For PacBio sequel sequencing, MagBeads bound with DNA-Polymerase complexes were loaded at 0.1 nM (on-plate concentration) using 14 single-molecule real-time (SMRT) Cells. Single-molecule sequences with C4 chemistry were constructed with PacBio sequel platform. Thereafter, a single 10× Genomics Linked-Read library from the Illumina HiSeq X Ten platform was constructed, and then, a Hi-C library was prepared with formaldehyde fixation, enzyme restriction, and biotinylated labelling. Finally, 350-bp paired-end libraries from the Illumina HiSeq X Ten platform were constructed.

2.3. Genome size estimation

Black rockfish genome-size was estimated using the k-mer method11 (Supplementary Fig. S1).

2.4. Genome assembly

2.4.1. PacBio assembly

FALCON assembler12 was used to assemble third-generation long reads to contigs of the S. schlegelii genome. The FALCON assembly process was as follows. (i) DALIGNER was used to perform error correction,13 according to the probability of insertion, deletion, and sequence errors. After error correction, we obtained pre-assemble reads. (ii) LASort and LAMerge were used for overlap-detection using the pre-assemble reads. To generate a layout of overlapping reads, we obtained de novo assembled reference contigs. (iii) The single-pass long reads were re-sequenced, mapped to de novo assembled reference contigs, and obtained for base-quality-aware consensus of uniquely mapped reads. In addition to FALCON, wtdbg2 was also used to assemble third-generation long reads by blast (KBM), assemble (FBG), and error correction (daccord).

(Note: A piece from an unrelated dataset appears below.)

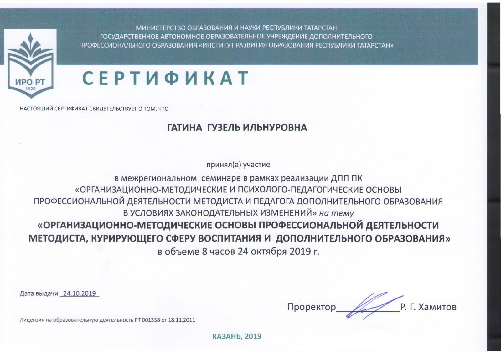 - Гатина Г.И. – Участие в Республиканской стажировке «Организационно- методические основы профессиональной деятельности методиста, курирующего сферу дополнительного образования»;

2.4.2. 10× genomics assembly

Quiver14 was used to refine the genome. Initially, PacBio contigs were scaffolded, and then fragScaff was used to obtain super-scaffolds using 10× Genomics Linked-Read data.15

2.4.3. Chromosomal-level genome assembly using Hi-C

To enhance a chromosomal-level assembly, we used the Hi-C sequence library with Lachesis software.16,17 Initially, we compared the sequence with the draft version. BWA was used to map Hi-C clean reads to the polished S. schlegelii genome. Thereafter, cluster, order, and orientations were determined. Contigs were clustered into chromosome groups, according to the interaction of paired reads between two contigs. If the number of paired reads was much larger and the contigs interaction greater, they were clustered into one group according to the number of interactions reads which interacted with each other between two contigs, clustered, and classified into groups based on the number of the S. schlegelii chromosome, and then they were ordered within groups and assigned contig orientations in line with the strength and location of the interaction between the reads. Juicebox was used to correct the contig orientation; finally, chromosomes were anchored. Chromosomal-level assembly of the black rockfish genome was based on restriction sites in sequences and the link relationship from Hi-C; then we constructed a map, computed the weight, and connected the contigs (scaffolds) for each chromosome.

2.4.4. Final assembly refinement

Illumina short reads were initially mapped to the chromosomal-level genome assembly version using the BWA software. Subsequently, we applied Pilon18 to correct the remaining base errors with short reads according to the map results.

2.5. Genome quality evaluation

The accuracy of the assembled S. schlegelii genome was evaluated by mapping short sequence reads to the S. schlegelii genome using the BWA program,19 and we performed variant calling based on SAMtools. CEGMA20 with the core genes from vrt dataset and BUSCO21 analyses for completeness of evaluation of the S. schlegelii genome assembly. The genome assemblies by falcon and wtdbg2 were compared to obtain a more reliable genome assembly. Furthermore, we compared characteristics of the S. schlegelii genome with those of other teleost species.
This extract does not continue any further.